Training produces model artifacts (e.g., `model.tar.gz`) but these don't include inference code. The `repack_model` utility:

1. Downloads the original model artifacts from S3
2. Extracts them to a temporary directory
3. Adds your inference script to a `code/` subdirectory
4. Re-packages and uploads to S3

**Important for pipelines:** The `output_fn` must return a tuple `(data, content_type)` to explicitly set the content type passed to the next container.

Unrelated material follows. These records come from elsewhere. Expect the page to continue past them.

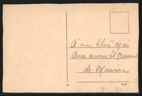 Personenbezogene Daten auf der Rückseite der Karte wurden durch blauen Textmarker unkenntlich gemacht. Die blauen Stellen sind auf die Vorderseite durchgeweicht und wirken sich negativ auf das Postkartenfoto aus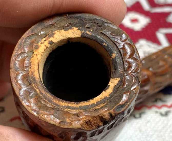In the picture below, the chamber is darkened, but this is not a problem. After running my finger over the Meerschaum, it is smooth. A visual inspection doesn’t uncover any problems. The only issue I see is the chipping on the rim.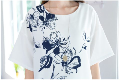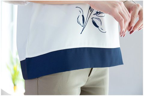 เสื้อพิมพ์ลายเส้นดอกไม้ ใส่ง่ายแมทช์ง่าย จับคู่กางเกงเรียบๆก็ยัง ได้ลุค Elegant แต่งขอบชายเสื้อด้วยผ้าสีพื้นล้อไปกับลายพิมพ์ ผ่าหยดน้ำมีกระดุมคอด้านหลัง รุ่นนี้ผ้าโพลีเอสเตอร์ผสมเนื้อดีมาก ใส่เป็นทรงปล่อยๆสบายโชว์ชายเสื้อสวยงาม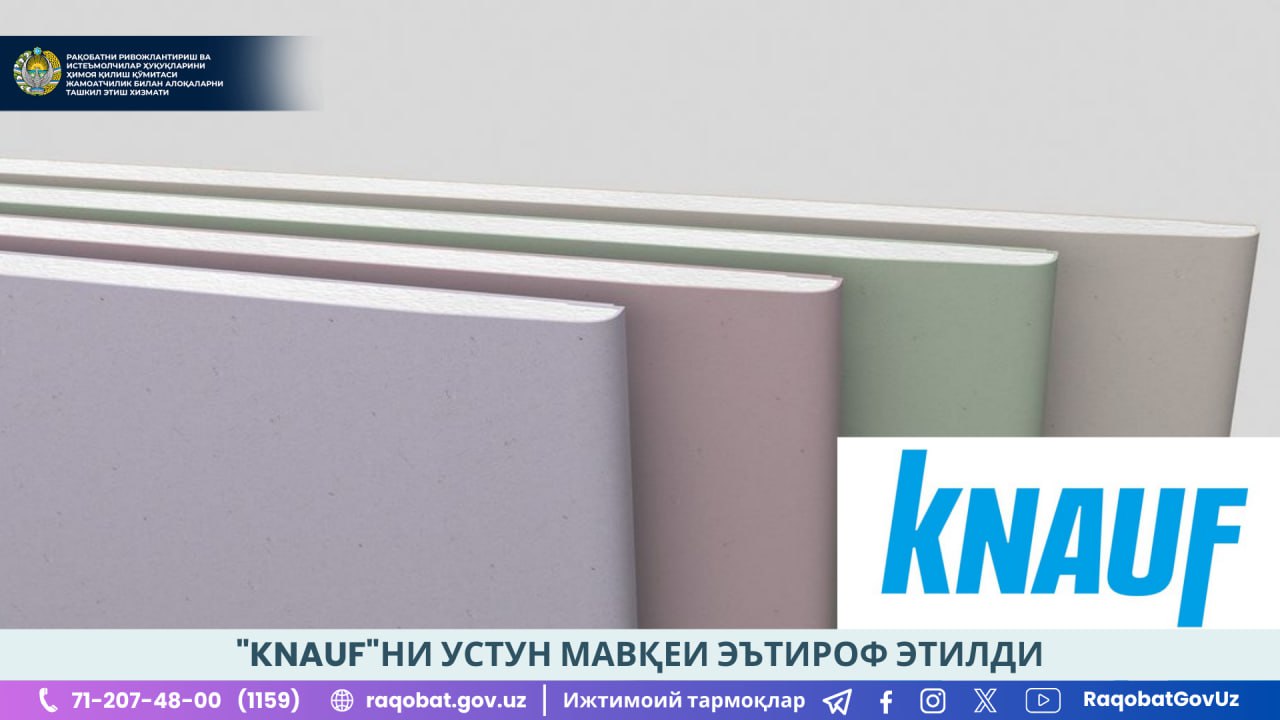 Таҳлил натижаларига кўра, “Knauf Gips Buxoro” МЧЖнинг бозордаги улуши 40 фоиздан ортиқни ташкил этганлиги муносабати билан «Рақобат тўғрисида»ги Қонуннинг 13-моддасига асосан устун мавқега эга деб эътироф этилди.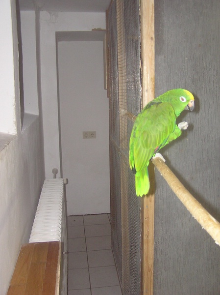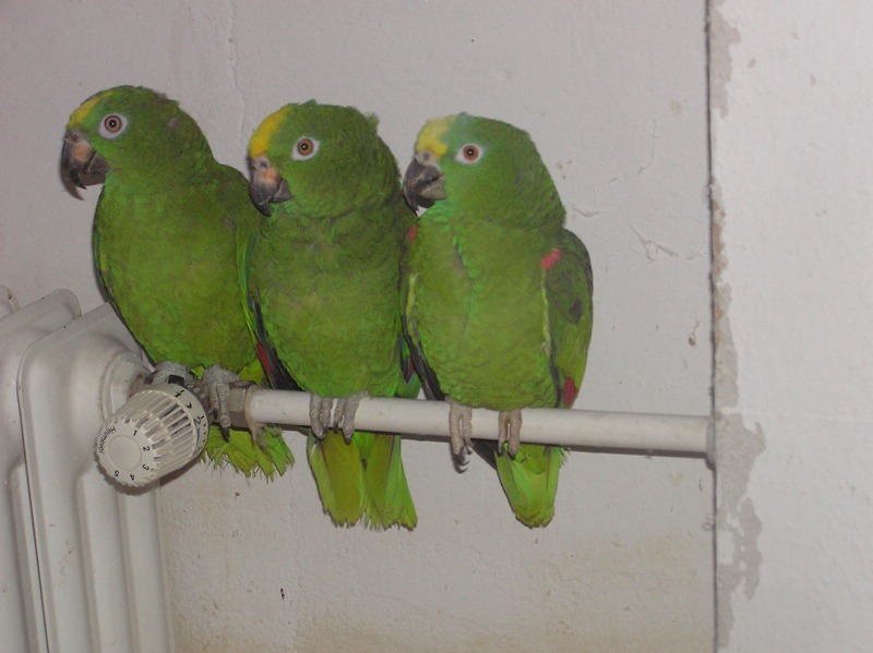 Einen beliebten Rückzugsplatz zeigt das nachstehende Bild.Der Heizkörper befindet sich hinter einer freistehenden Voliere, zusammen mit der Wand entsteht hier ein Gang mit etwa 0.5 Meter Breite. Gedacht war er eigentlich dazu, Heizkörper und Volierenrückseite für Reinigungsarbeiten zugänglich zu machen. Der Gang hat sich inzwischen aber auch als Fluchtweg bei Verfolgungsjagden auf dem Boden und eben wie im Bild zu sehen als Rückzugsraum, noch dazu mit geheizter Sitzstange, bewährt (siehe nachstehendes Bild). Zu heiß wird es den Vögeln hier nicht, denn der Heizkörper wird durch das Thermostatventil nur auf etwa 25 bis 30 °C (Die Raumtemperatur beträgt im Winter etwa 14 °C) gehalten. Des öfteren haben sich die Vögel auch schon auf dem Heizkörper selbst niedergelassen, was in der Regel ziemlich aufwendige Reinigungsarbeiten nach sich zog. Ein Sitzbrett auf dem Heizkörper schaffte hier weitgehend Abhilfe.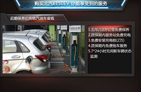 对于那些北汽E150EV电动车的车主们来说,车辆在使用过程中的费用要明显比传统汽油车节省很多。第一个要考虑的因素是燃料问题,该车百公里耗电量约为13度,按平均电价1元/度计算,折合人民币约13元/100公里;其次,购买E150EV车型还可享受到5年/10万公里质保期内的免费拖车和免费保养服务,并且在质保期内车辆电量消耗殆尽可以到服务站免费充电。至于人们普遍比较关心的充电设施问题,北汽新能源也给出了自己的承诺,在和当地物业协商好的前提下,将在10个工作日之内为每一名新车主免费安装价值2万元的个人充电桩。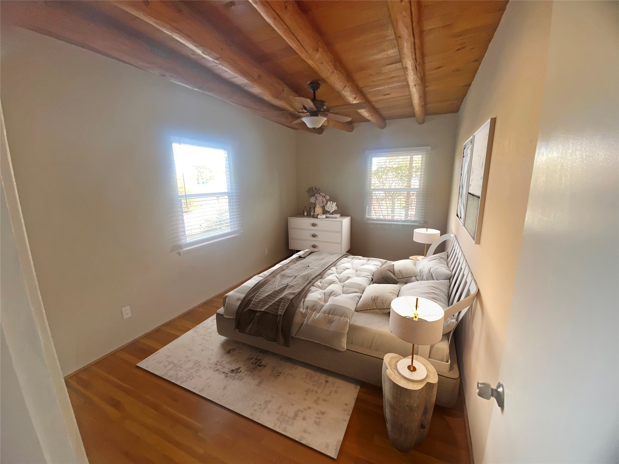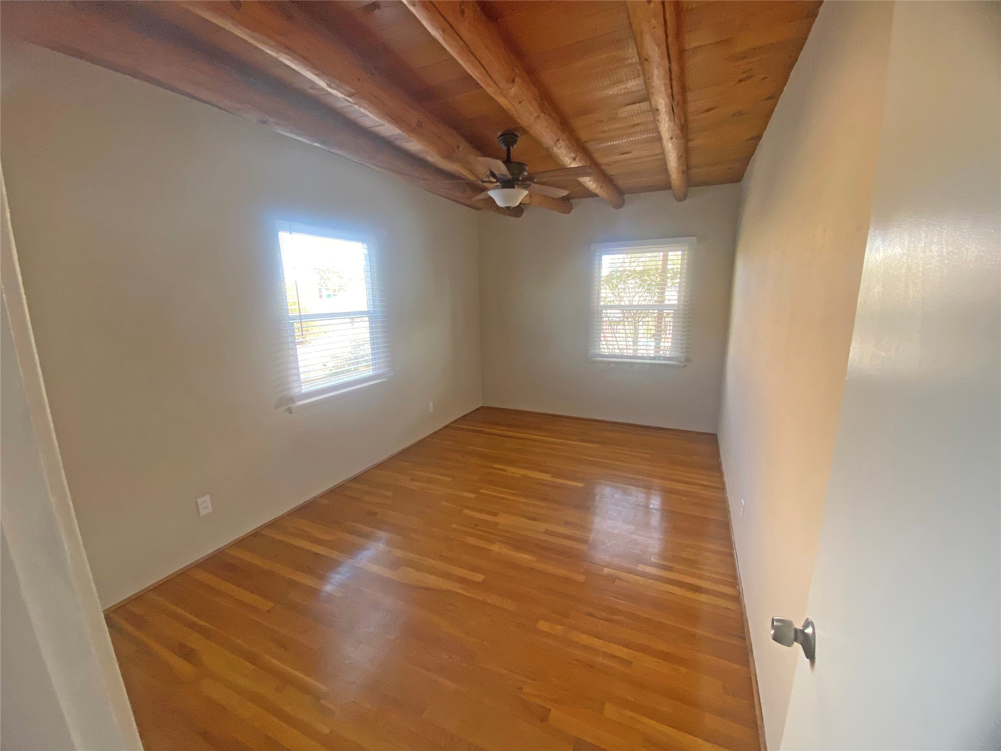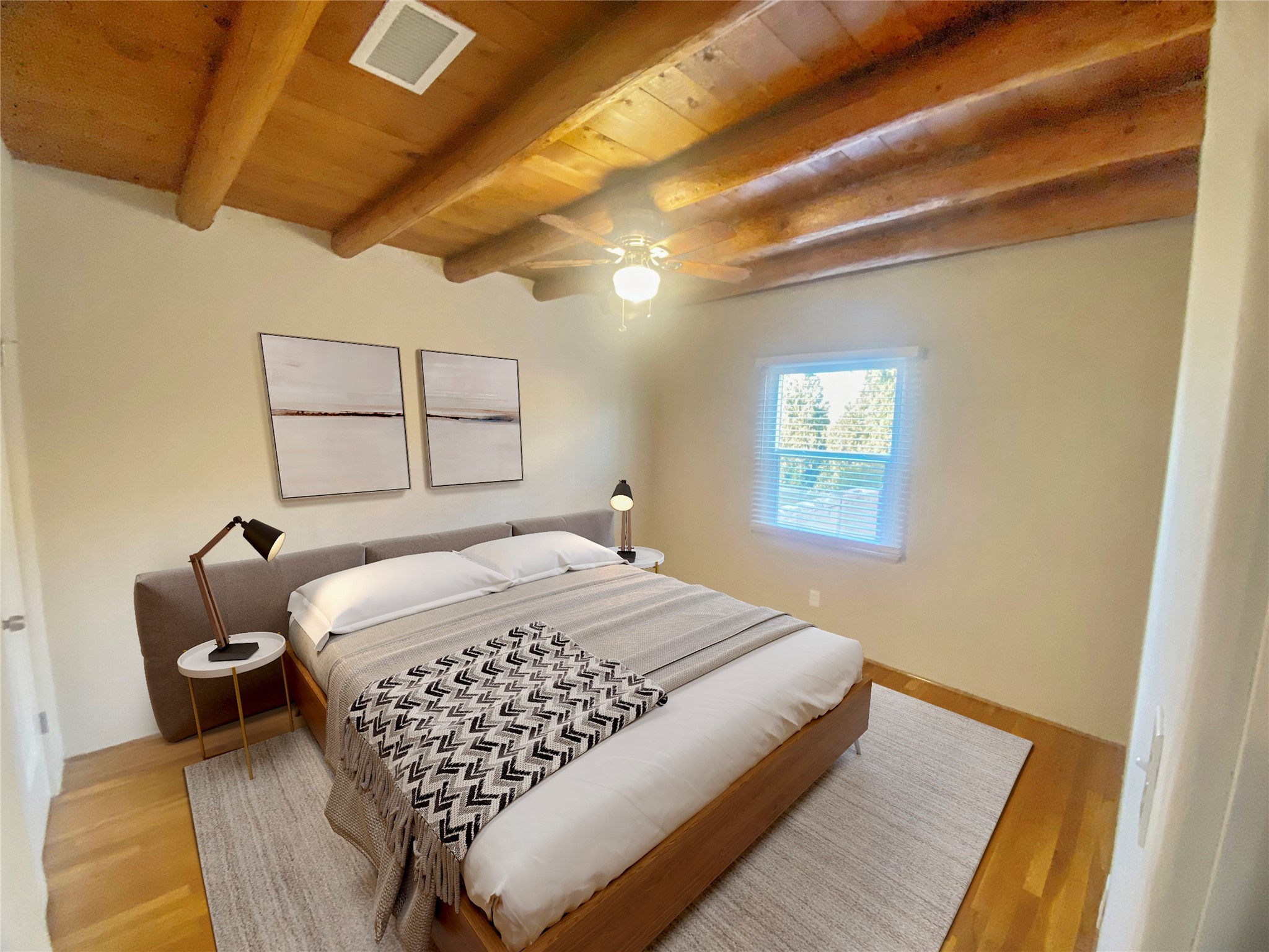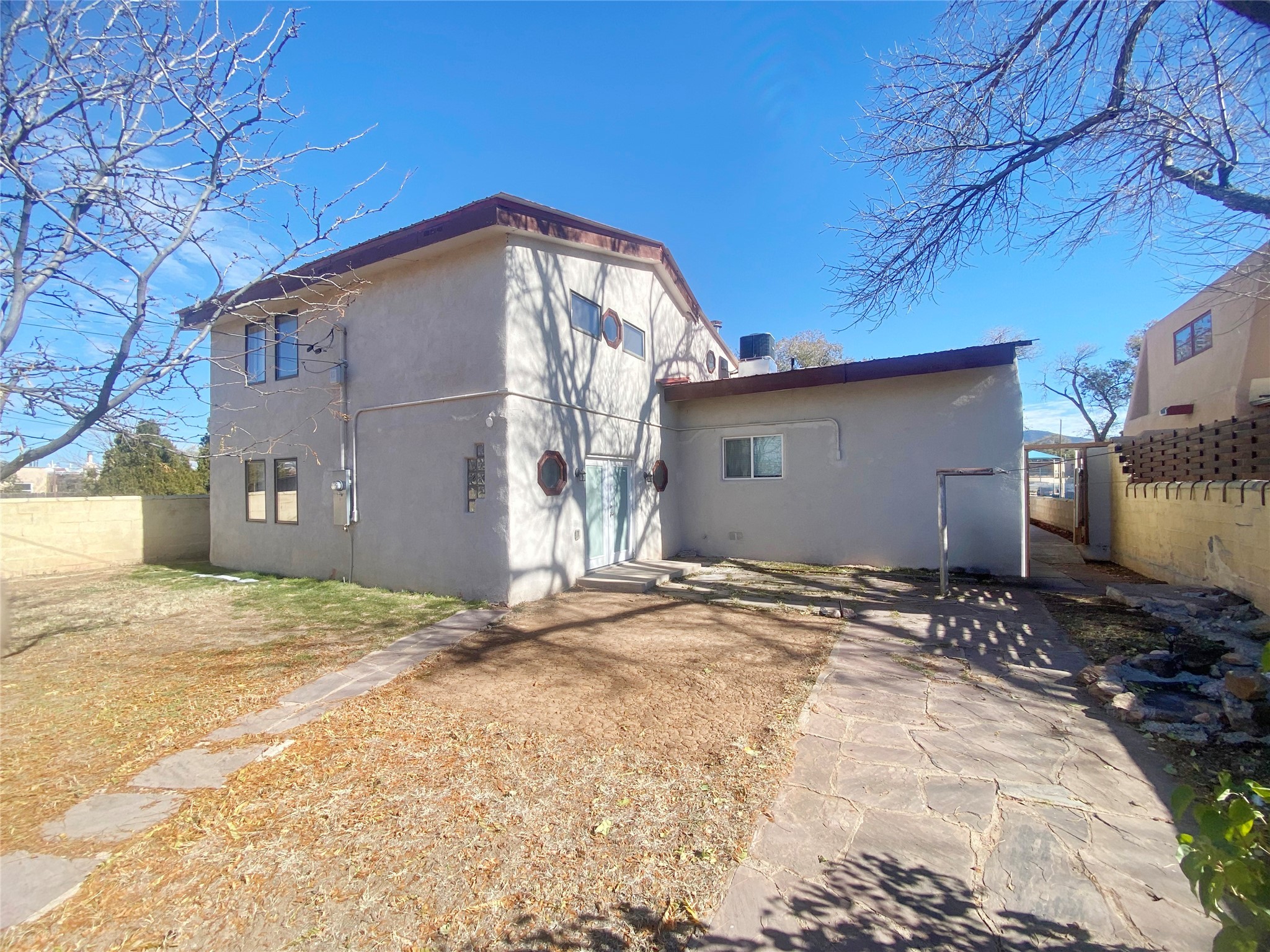 This charming 1.5-story Santa Fe-style home, located in the sought-after Casa Linda Subdivision, offers a blend of classic design and modern comfort. Built in 1949, this 1,958 square-foot residence features 3 spacious bedrooms and 2 bathrooms, making it ideal for families or those seeking extra space. The home's unique character is highlighted by wood vigas, which add rustic appeal, while hardwood floors and Saltillo tile in select areas create a warm, inviting atmosphere throughout the living spaces. The attached garage provides convenience, and the home's well-preserved details reflect its rich architectural history.

Without this, intermediate containers receive `application/json` as the default accept type.

In [None]:
# Create SKLearn inference script
sklearn_inference_dir = tempfile.mkdtemp()

sklearn_inference_script = '''import joblib, os
import numpy as np

def model_fn(model_dir):
    return joblib.load(os.path.join(model_dir, "model.joblib"))

def input_fn(request_body, request_content_type):
    if request_content_type == "text/csv":
        return np.array([[float(x) for x in line.split(",")] for line in request_body.strip().split("\\n")])
    raise ValueError(f"Unsupported content type: {request_content_type}")

def predict_fn(input_data, model):
    return model.transform(input_data)

def output_fn(prediction, accept):
    # Always return CSV with explicit content-type for pipeline compatibility
    csv_output = "\\n".join([",".join([str(x) for x in row]) for row in prediction])
    return csv_output, "text/csv"
'''

with open(os.path.join(sklearn_inference_dir, 'inference.py'), 'w') as f:
    f.write(sklearn_inference_script)

print(f"SKLearn inference script: {sklearn_inference_dir}")

In [None]:
# Repack SKLearn model with inference code using repack_model utility
sklearn_repacked_uri = f"s3://{bucket}/{prefix}/sklearn/repacked/model.tar.gz"

repack_model(
    inference_script="inference.py",
    source_directory=sklearn_inference_dir,
    dependencies=[],
    model_uri=sklearn_model_uri,
    repacked_model_uri=sklearn_repacked_uri,
    sagemaker_session=sagemaker_session
)

print(f"Repacked SKLearn model: {sklearn_repacked_uri}")

In [None]:
# XGBoost uses built-in inference - no custom script needed for basic CSV input/output
# The XGBoost container handles text/csv natively
xgboost_repacked_uri = xgboost_model_uri
print(f"XGBoost model (no repack needed): {xgboost_repacked_uri}")

---
## Step 5: Deploy with ModelBuilder (Recommended)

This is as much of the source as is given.